Lol life is hard but we give a shit on that^^

There are crack heads which rob old ladies for a fix and there are people which "scam" a store.. 

What's worse?

But the "scam" I think I should try that..

EDIT: WoW players ARE lazy that's natural^^

----------


## v3rsus

> Lol life is hard but we give a shit on that^^
> 
> There are crack heads which rob old ladies for a fix and there are people which "scam" a store.. 
> 
> What's worse?
> 
> But the "scam" I think I should try that..
> 
> EDIT: WoW players ARE lazy that's natural^^


amen to that  :Smile: 


yeh guitar hero was epic  :Smile:

----------


## burton992

Its repost but nice that you contributed.

Makes me laugh what people do to get a free cd key or gamecard, tbh i would prefer to just buy the game than just go through this and its not very nice if they put it back for sale then someone buys it and the code doesnt work.

----------


## Bigjev

eh guys atleast he tried

----------


## v3rsus

yeh but if they buy it and it doesnt work then they have a REAL reason to go back to the store and get a new one :P

----------


## Dimensia

i actually spoke to eb when age of conan came out and asked them that if i didnt like the game after i installed it could i take it back...they said yup no problems at all. so there is a free conan account.

basically they get reimbursed with new game/keys if one dont work. still stealing but they still even out anyway

----------


## bashy

I would be very careful doing this, especially if you use your credit/debit card to buy it.

----------


## v3rsus

of course you dont use credit card or debit card.... COLD HARD CASH BABY!!!!!!!!

----------


## OverLordErIcH

hmmm, this is ILLEGAL

----------


## Macrokiller

lol at stealing things omg xD

----------


## v3rsus

be nice :P it works wonders  :Smile:

----------


## Thrill12

Ha I've done this with TBC and Diablo 2.

Actually going to the store to do it tomorrow as well.
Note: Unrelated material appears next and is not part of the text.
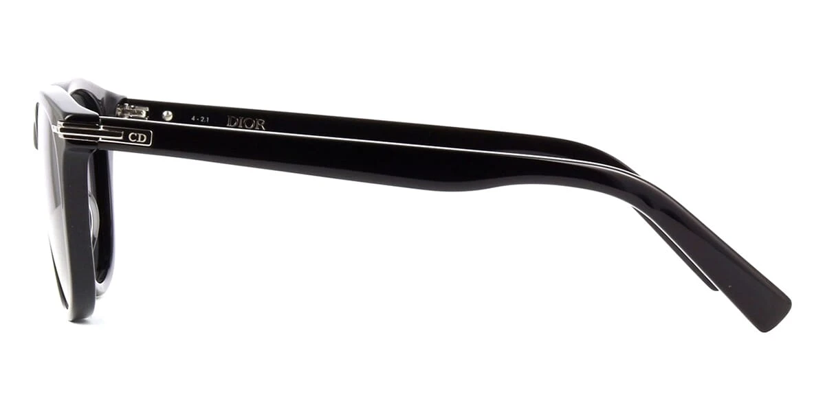 This wayfarer Dior sunglass comes in a black frame with dark grey lenses.

I CAN afford it, but **** wal-mart!

----------


## Kitsuji

Im not into stealing, but thats a brilliant idea.

----------


## Flair125

> hmmm, this is ILLEGAL


so is hacking and botting murder and rape , it all still happens though, 
shameful as it may be.

either way, not something i'd do since it could easily be traced to your account and you'd be left with a ban.

----------


## Allure

I've seen some people do it, it just sucks for those that have to buy your use gamecard.

----------


## killerrr70

You won't go to jail for this............ maybe youl have to pay like the double price to the store if you get caught
And I don't get these guides........ it isn't related to wow.... its related to stealing but a wow game or gc which has nothing to do with the gaming proccess
I geuss people know how to steal with out guides........
Its the same if I write in wow guides

How to get a free Potato
Go to the store..... (be carefull your a criminal...... a dangerous one, so watch out for the police.....)
Have a big coat..... ok so when no one sees you and there are no cameras put the potatoes in your inside pockets.......
Then buy something cheap so no one suspects you.......
get out of the store, go home and voila you scammed some potatoes!
You basicly told the same thing(just another way of stealing) but you replaced the word potatoe by the word WOW gamecard

Im not flaming this post..... I think it doesn't belog here on mmowned

----------


## Fishmonger

I do this all the time. Stealing from blizzard cannot be compared to stealing from an individual.

I use brand new stickers to reseal the game boxes.

I generally don't do it with time cards because DVD packages are hard to reseal.

How many times have you guys contacted blizzard and said your time card didn't work?

----------


## mystical23o7

nice ^^ but its a repost.

----------


## Hunterplay

If you can't post in the scam section don't post a scam...

----------


## Dragonshadow

This is stealing from a real store, and thus isn't allowed.
Closed.

----------